TO DO. Would you reproduce exactly the lines below from the one holding "चित्र 3.7 : प्लास्टिक-निर्मित विभिन्न वस्तुएँ" through the one holding "प्लास्टिक की वस्तुएँ", inclusive, and no others?

THE INPUT.
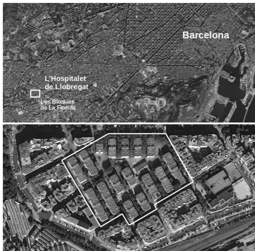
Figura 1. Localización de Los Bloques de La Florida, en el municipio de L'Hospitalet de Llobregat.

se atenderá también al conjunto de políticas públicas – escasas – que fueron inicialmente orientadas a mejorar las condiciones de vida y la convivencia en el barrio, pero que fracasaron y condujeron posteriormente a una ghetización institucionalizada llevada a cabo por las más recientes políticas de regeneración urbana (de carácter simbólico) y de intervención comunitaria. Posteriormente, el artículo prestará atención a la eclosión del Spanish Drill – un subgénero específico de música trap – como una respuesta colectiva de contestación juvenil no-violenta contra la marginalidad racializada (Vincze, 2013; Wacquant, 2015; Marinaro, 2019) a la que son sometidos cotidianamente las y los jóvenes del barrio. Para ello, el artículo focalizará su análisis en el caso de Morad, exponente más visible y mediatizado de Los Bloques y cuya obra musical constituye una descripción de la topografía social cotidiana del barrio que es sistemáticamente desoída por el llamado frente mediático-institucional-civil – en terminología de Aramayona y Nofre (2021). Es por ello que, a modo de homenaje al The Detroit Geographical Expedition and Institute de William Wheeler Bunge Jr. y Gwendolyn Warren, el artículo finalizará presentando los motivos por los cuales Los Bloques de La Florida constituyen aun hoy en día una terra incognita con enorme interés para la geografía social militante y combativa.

==

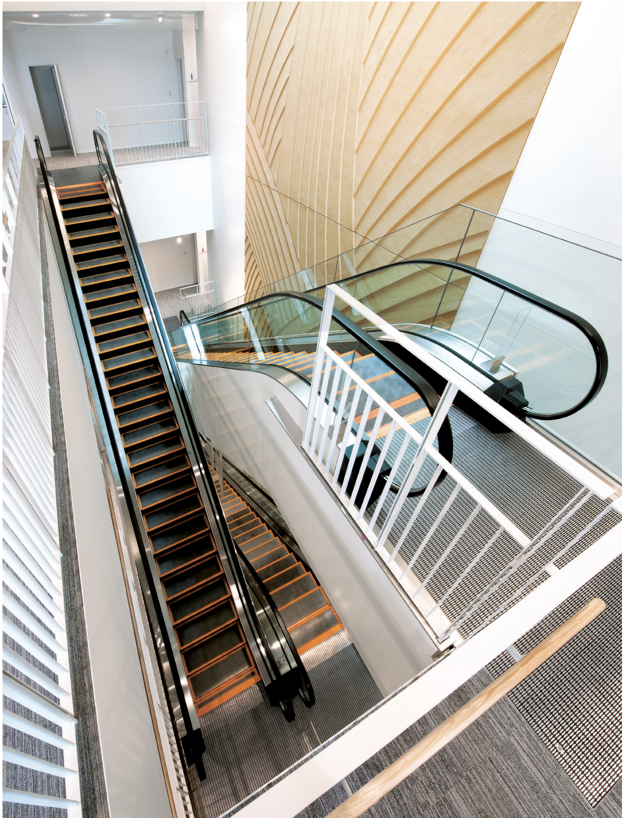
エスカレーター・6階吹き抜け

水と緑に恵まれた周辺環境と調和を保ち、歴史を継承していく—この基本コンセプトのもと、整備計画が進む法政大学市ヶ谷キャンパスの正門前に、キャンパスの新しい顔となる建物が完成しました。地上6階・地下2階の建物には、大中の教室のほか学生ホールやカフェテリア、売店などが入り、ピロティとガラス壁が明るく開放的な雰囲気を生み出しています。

==

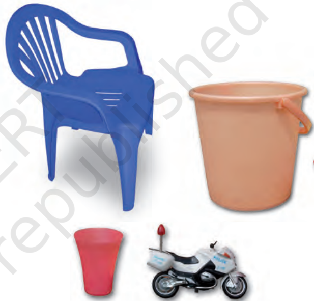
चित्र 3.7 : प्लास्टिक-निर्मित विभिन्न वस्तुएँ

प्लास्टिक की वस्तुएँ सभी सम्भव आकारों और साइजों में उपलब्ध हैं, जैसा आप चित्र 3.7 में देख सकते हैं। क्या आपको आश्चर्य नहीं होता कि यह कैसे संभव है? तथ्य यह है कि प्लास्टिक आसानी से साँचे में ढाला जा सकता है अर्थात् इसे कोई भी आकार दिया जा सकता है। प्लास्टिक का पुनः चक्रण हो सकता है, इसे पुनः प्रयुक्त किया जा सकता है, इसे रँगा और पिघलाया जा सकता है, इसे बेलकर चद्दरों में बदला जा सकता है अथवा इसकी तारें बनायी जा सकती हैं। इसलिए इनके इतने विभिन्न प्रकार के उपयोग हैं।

SOLUTION BELOW.
चित्र 3.7 : प्लास्टिक-निर्मित विभिन्न वस्तुएँ

प्लास्टिक की वस्तुएँ सभी सम्भव आकारों और साइजों में उपलब्ध हैं, जैसा आप चित्र 3.7 में देख सकते हैं। क्या आपको आश्चर्य नहीं होता कि यह कैसे संभव है? तथ्य यह है कि प्लास्टिक आसानी से साँचे में ढाला जा सकता है अर्थात् इसे कोई भी आकार दिया जा सकता है। प्लास्टिक का पुनः चक्रण हो सकता है, इसे पुनः प्रयुक्त किया जा सकता है, इसे रँगा और पिघलाया जा सकता है, इसे बेलकर चद्दरों में बदला जा सकता है अथवा इसकी तारें बनायी जा सकती हैं। इसलिए इनके इतने विभिन्न प्रकार के उपयोग हैं।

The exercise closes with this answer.